July 19, 2023
Favorable functional outcome at six months was similar for trauma patients who received prehospital tranexamic acid versus placebo at advanced trauma facilities, despite reduced early mortality with treatment, according to new research published July 13 in the New England Journal of Medicine.
“Our trial provides new information on the quality of survival after severe trauma that is treated with tranexamic acid,” the researchers wrote.
Previous trials have examined the administration of pretranexamic acid within three hours of traumatic injury in countries lacking organized regional trauma systems. This study (PATCH-Trauma) was conducted in New Zealand, Australia and Germany, all of which have established advanced trauma systems.

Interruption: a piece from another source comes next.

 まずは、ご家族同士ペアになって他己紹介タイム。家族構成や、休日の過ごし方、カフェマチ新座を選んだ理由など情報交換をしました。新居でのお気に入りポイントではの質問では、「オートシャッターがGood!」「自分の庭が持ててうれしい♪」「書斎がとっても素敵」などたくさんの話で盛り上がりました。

The proportion of patients with favorable functional outcome at six months (the primary outcome) was comparable for those who received tranexamic acid on the scene of traumatic injury or en route to the emergency department versus those who received placebo. Favorable functional outcome was measured using the Glasgow Outcome Scale–Extended and was achieved in 53.7% and 53.5% of patients, respectively.
The researchers noted that “for every 100 patients assigned to receive tranexamic acid rather than placebo, there were approximately four extra patients alive at six months; however, approximately four extra patients were also categorized as having severe disability.”

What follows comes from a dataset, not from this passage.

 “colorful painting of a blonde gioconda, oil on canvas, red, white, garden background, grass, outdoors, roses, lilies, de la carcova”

Mortality at 24 hours after injury was lower for those who received tranexamic acid prior to hospital arrival — 9.7% with tranexamic acid and 14.1% with placebo. Mortality at six months was 19% in the tranexamic acid group and 22.9% in the placebo group.

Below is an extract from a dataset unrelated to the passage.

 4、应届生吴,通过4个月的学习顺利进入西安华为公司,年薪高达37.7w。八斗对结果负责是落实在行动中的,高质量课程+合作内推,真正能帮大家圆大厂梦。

The researchers were also interested in rates of vascular occlusive events (deep venous thrombosis, pulmonary embolism, myocardial infarction, ischemic stroke or other arterial events). Nearly a quarter of patients in the tranexamic acid group (23.6%) had one or more vascular occlusive events compared with 19.7% in the placebo group.
In this trial, investigators enrolled adults with suspected severe traumatic injuries who they assessed as being at high risk for trauma-induced coagulopathy. The first dose of tranexamic acid or placebo had to be administered within three hours of injury (at the scene or en route). A second dose of tranexamic acid or placebo (sodium chloride solution) was administered in the hospital. Patients were randomized 1:1 and all trial personnel were blinded.
Coagulopathy risk had to be assessed prior to hospital arrival and measured using the Coagulopathy of Severe Trauma (COAST) score (0-7 points). COAST score factors include entrapment in a vehicle, systolic blood pressure of less than 100 mm of mercury (mm Hg), body temperature of less than 35 degrees Celsius, suspected pneumothorax and suspected intra-abdominal or pelvic injury. A COAST score of three or greater is considered high risk. Patients were also assessed for deep vein thrombosis using Doppler ultrasound.
Prespecified subgroups were based on age, initial score on the Glasgow Coma Scale, initial systolic blood pressure, mechanism of injury and time from injury to first dose of tranexamic acid/placebo. Investigators observed no differences between the treatment and placebo groups in any of these analyses.